■ Exercise material:
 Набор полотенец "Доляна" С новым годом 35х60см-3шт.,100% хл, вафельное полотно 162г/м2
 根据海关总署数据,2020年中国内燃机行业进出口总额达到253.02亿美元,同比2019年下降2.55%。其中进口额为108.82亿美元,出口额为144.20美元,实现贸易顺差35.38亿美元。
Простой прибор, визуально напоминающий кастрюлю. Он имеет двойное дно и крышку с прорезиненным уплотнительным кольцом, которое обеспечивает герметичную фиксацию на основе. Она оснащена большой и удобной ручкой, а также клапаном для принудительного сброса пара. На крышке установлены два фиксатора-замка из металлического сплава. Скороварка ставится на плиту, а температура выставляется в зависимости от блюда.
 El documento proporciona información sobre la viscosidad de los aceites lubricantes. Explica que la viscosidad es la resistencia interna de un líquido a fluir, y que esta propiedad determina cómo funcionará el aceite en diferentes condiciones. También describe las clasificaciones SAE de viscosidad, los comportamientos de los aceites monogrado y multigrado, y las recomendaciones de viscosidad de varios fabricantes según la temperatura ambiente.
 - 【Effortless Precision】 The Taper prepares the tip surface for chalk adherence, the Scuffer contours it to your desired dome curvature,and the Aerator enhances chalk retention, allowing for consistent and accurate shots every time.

...

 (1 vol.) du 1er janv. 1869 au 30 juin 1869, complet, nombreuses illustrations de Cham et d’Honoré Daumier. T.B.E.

■ Your task:
In the material above, locate the line containing "вафельное полотно 162г/м2" and the line containing "- 【Effortless Precision】". Transcribe exactly those two lines and every line between them, and nothing more.

■ The answer:
 Набор полотенец "Доляна" С новым годом 35х60см-3шт.,100% хл, вафельное полотно 162г/м2
 根据海关总署数据,2020年中国内燃机行业进出口总额达到253.02亿美元,同比2019年下降2.55%。其中进口额为108.82亿美元,出口额为144.20美元,实现贸易顺差35.38亿美元。
Простой прибор, визуально напоминающий кастрюлю. Он имеет двойное дно и крышку с прорезиненным уплотнительным кольцом, которое обеспечивает герметичную фиксацию на основе. Она оснащена большой и удобной ручкой, а также клапаном для принудительного сброса пара. На крышке установлены два фиксатора-замка из металлического сплава. Скороварка ставится на плиту, а температура выставляется в зависимости от блюда.
 El documento proporciona información sobre la viscosidad de los aceites lubricantes. Explica que la viscosidad es la resistencia interna de un líquido a fluir, y que esta propiedad determina cómo funcionará el aceite en diferentes condiciones. También describe las clasificaciones SAE de viscosidad, los comportamientos de los aceites monogrado y multigrado, y las recomendaciones de viscosidad de varios fabricantes según la temperatura ambiente.
 - 【Effortless Precision】 The Taper prepares the tip surface for chalk adherence, the Scuffer contours it to your desired dome curvature,and the Aerator enhances chalk retention, allowing for consistent and accurate shots every time.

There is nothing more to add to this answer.